ミハエルの前には一機のモビルスーツが立っていたのだ。
「モビルスーツまで出て来やがったってのか!?」
ミハエルが乗るのはモビルワーカー。
かつて乗っていた機体と同じように動けば確実に死ぬと察知し、昭弘や三日月と共に動き回りながら少しずつ装甲を削っていく。
『その程度の攻撃!』
しかし、モビルスーツの一撃はミハエルたちの技術などお構い無しに周りの仲間たちを奪っていく。
「……ミカ」
この状況を把握し、動いたのはオルガだった。
三日月を自身のところに呼び出した。
「……そうか。ならば私も動くとしよう」
参番隊の大半がモビルスーツの登場によって混乱する中、ヨハンと三日月はCGSのある場所に向かおうとしていた。

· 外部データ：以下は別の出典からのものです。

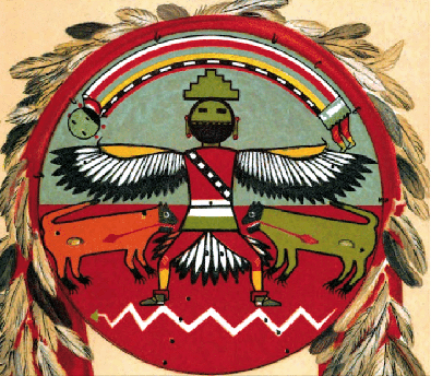 The Zuni Knife-wing god A-tchi-a la-to-pa is a celestial being, with a combined man-bird form.
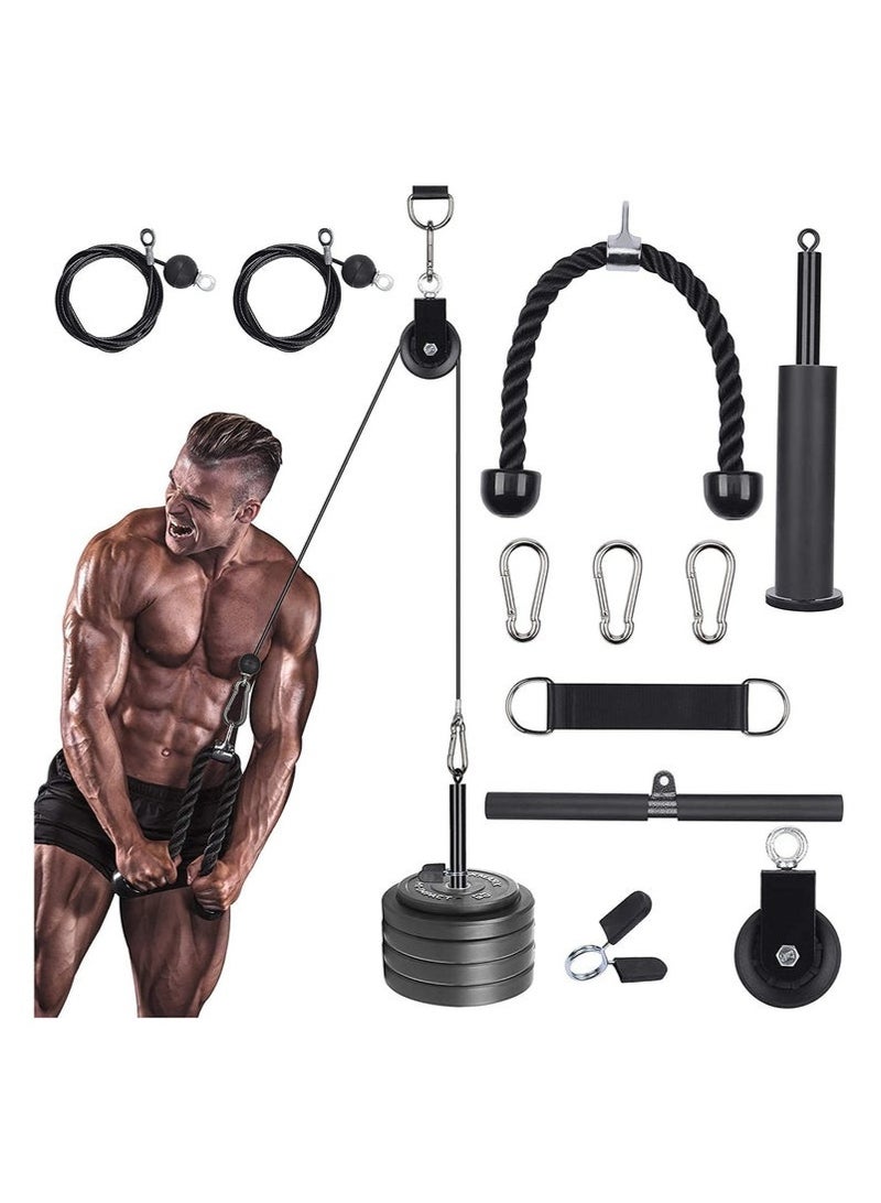 صالة ألعاب رياضية بنظام البكرات، نظام بكرات كابلات منزلي مع بكرة صامتة، حبل ثلاثي الرؤوس، قضيب مستقيم، كابلان، دبوس تحميل مُحسَّن، 3 مشابك رفع وحزام تعليق، معدات رياضية منزلية لتمارين تقوية عضلات البطن.

「全員無理はするな! ミカが戻るまではミハエルと昭弘が前、他は後ろから援護しろ!!」
「へっ、昭弘がいなくても俺だけで充分だっての!」
「……そりゃこっちのセリフだ!」
お互いが軽口を叩きつつも敵のモビルスーツを翻弄し、他に被害が及ばないようにしていた。
『ちょこまかと……!!』
対して敵はそこまで戦闘慣れしていないのかモビルスーツであるにも関わらずミハエルと昭弘のコンビネーションによって一機も落とせないでいた。
『くそっ……ん?』
不意に足が止まる。
ミハエルや昭弘の死角には弾切れを起こして撤退するモビルワーカーがいた。
それを見たパイロットは……
『……ふ、ふははは』
二人を気にもとめず、そのモビルワーカーを破壊した。
『ははははは!! モビルワーカー如きがこの私に挑もうと――』
それ以上の言葉を発することはなかった。
下から放たれた砲撃によってモビルスーツの下半身部分が消滅したのだ。
『……は?』
「貴様を殺すのは私ではないのでな、三日月が狙いやすい位置にコックピットを置いておいたぞ」
「あぁ、これなら上がってくるのと同時に……」
大きな振動と共に二機のモビルスーツが下から現れる。
「凄いねその光。じーえぬ粒子だっけ?」
「量産も出来るならと考えていたが、それはまた検討しなければならないな」
それはかつての厄祭戦において使用された悪魔の名を持つガンダム。
それに加えて本来ならばこの世界に存在せず、その機体がこうして綺麗に治っていることも有り得ないもう一機のガンダム。
ガンダム・バルバトスとガンダムスローネの姿があった。